Recently, we showed that Borrelia-vaccinated and challenged gamma interferon-deficient (IFN-γ°) mice developed severe destructive osteoarthropathy (5). Development of arthritis in these mice was prevented by treatment with anti-interleukin-17 (anti-IL-17) antibody (3). Furthermore, anti-IL-17 treatment increased the number of CD4+ CD25+ T cells found in the regional lymph nodes of Borrelia-vaccinated and challenged IFN-γ° mice (16). When Borrelia-vaccinated and challenged mice were administered concomitantly anti-IL-17 and anti-CD25 antibodies, the number of CD4+ CD25+ T cells decreased in the lymph nodes (16). More importantly, severe destructive arthritis developed in the dual-antibody-treated Borrelia-vaccinated and challenged mice (16). These results suggest that CD4+ CD25+ T cells play a role in the prevention of arthritis associated with Borrelia-vaccinated and challenged IFN-γ° mice.

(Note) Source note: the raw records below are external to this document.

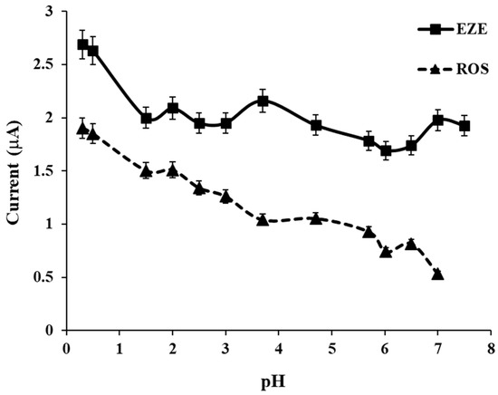 The electrochemical behavior of ROS and EZE was studied within a wide pH range (pH 0.3–7.0) using the DPV technique on a GCE. With the DPV method, the maximum current occurred in the 0.1 M H2SO4 medium. The following equation followed the effect of pH on the peak potential. The Ep-pH plots indicated that a pH increase caused the shifting of peak potentials to less positive values (Figure 2).
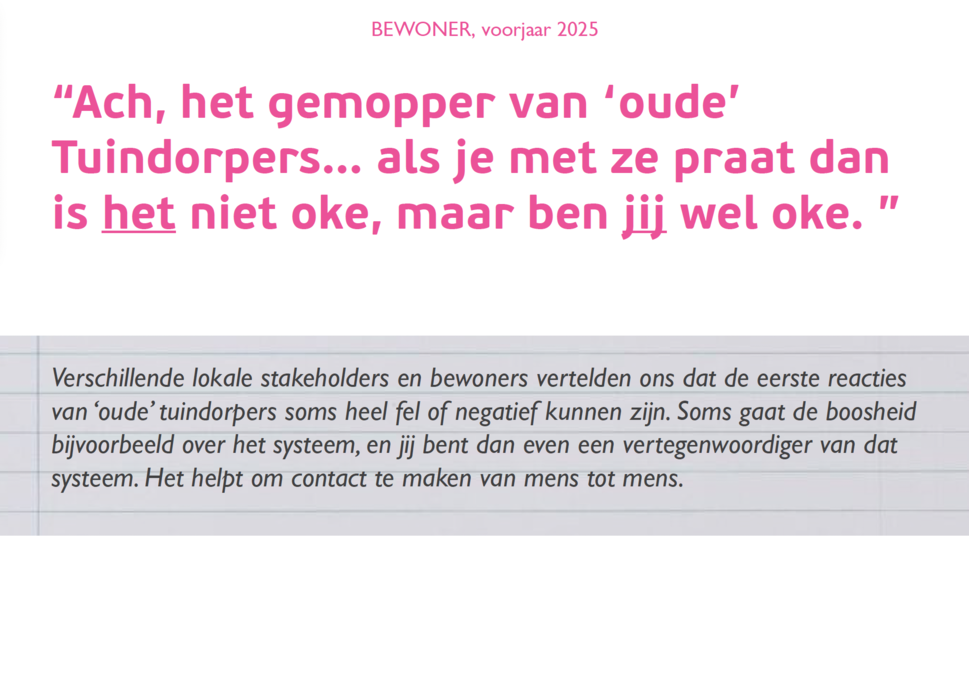 Een wijkbeheerder gaf aan dat de weerstand mogelijk meevalt omdat veel mensen in het hier en nu leven, en wellicht pas merken dat er iets gaat veranderen als ze bouwhekken zien.
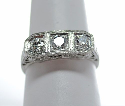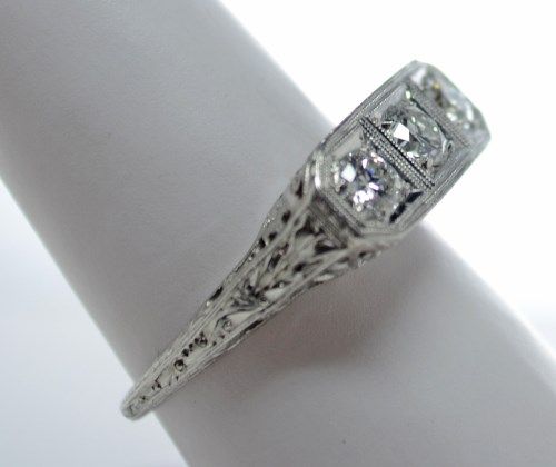 Size 7 3/4 approx .90 ctw all 3 stones have an approx. clairity of SI2 and an approx color grade of G 3.0dwt If you love the vintage filigree look you'll love this ring!

CD4+ CD25+ T cells are a naturally occurring, regulatory population of T cells responsible for down-regulation of immune responses for both foreign and self-antigens (1, 12, 19). These T cells have been shown to suppress or prevent graft-versus-host disease after allogeneic transplantation (10, 28, 32), abrogate the effects of insulin-dependent diabetes mellitus (6), block development of thyroiditis and colitis (11, 15), and control the severity of viral inflammatory lesions (23). Moreover, the significance of T regulatory CD4+ CD25+ cells in disease prevention and therapy has been demonstrated by transfer of cells into several animal disease models (18, 25, 31, 33). However, a definitive role for CD4+ CD25+ T cells in the regulation of arthritis associated with Borrelia-vaccinated and challenged mice has not yet been established. In this report, we provide evidence that CD4+ CD25+ T cells play a significant role in the prevention of arthritis associated with Borrelia-vaccinated and challenged IFN-γ° mice.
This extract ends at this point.